As in the previous law and military confrontations the Arab community stands against the current war in Gaza. The Arab community position against the war has been undermined by political leaders and media for the last two weeks.

The Mossawa Center reiterates its call for a return to full democracy for all citizens of Israel and respect for civil liberties.

Mossawa Center - The Advocacy Center for Arab Citizens
Tel: +972.4.8555901/2
Fax: +972.48552772
http://mossawacenter.org/
bill.mossawamedia@gmail.com


See also:

Israel poll ban for Arab parties
Israel bans Arab parties from running in upcoming elections

2 comments:

Anonymous said...

I just found your blog by typing in "Obama black face". I went on to read the Nov. 10th blog. I can only say that this is a very interesting and timely blog--probably the only one of it's kind.
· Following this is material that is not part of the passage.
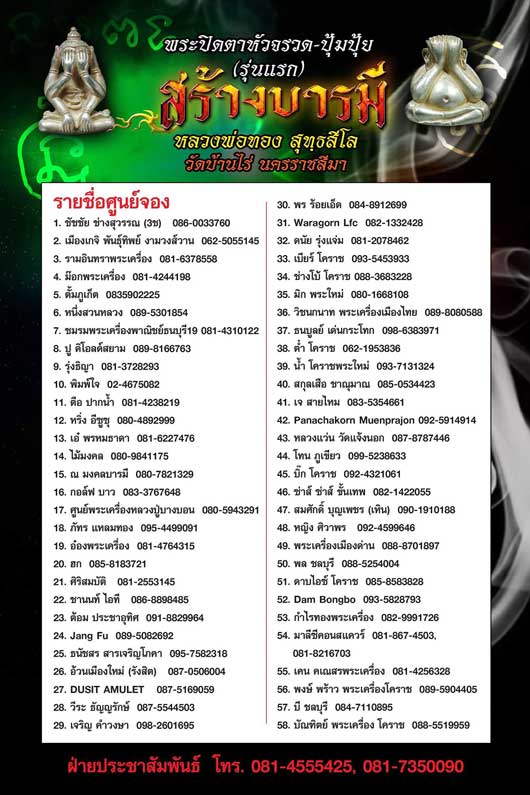 พุทธาภิเษก ณ วัดบ้านไร่ อ.ด่านขุนทด จ.นครราชสีมา เดือนมิถุนายน 2561

In the search for truth, I feel like the only person not celebrating the upcoming inauguration. You said matter-of-factly that this is simply the refinement of the system of racism. You also implicitly said that that this black male, is seen as credible, or is being given the benefit of the doubt in the eyes of the world. My question is who do you think specifically saw to it that this happened? With the corruption we are seeing with almost every appointment, and the extension of positions to all of his buddies from college and the political machine, how did he come from nothing? How did they pull it off?

Taru said...

I recently came accross your blog and have been reading along. I thought I would leave my first comment. I dont know what to say except that I have enjoyed reading. Nice blog. I will keep visiting this blog very often.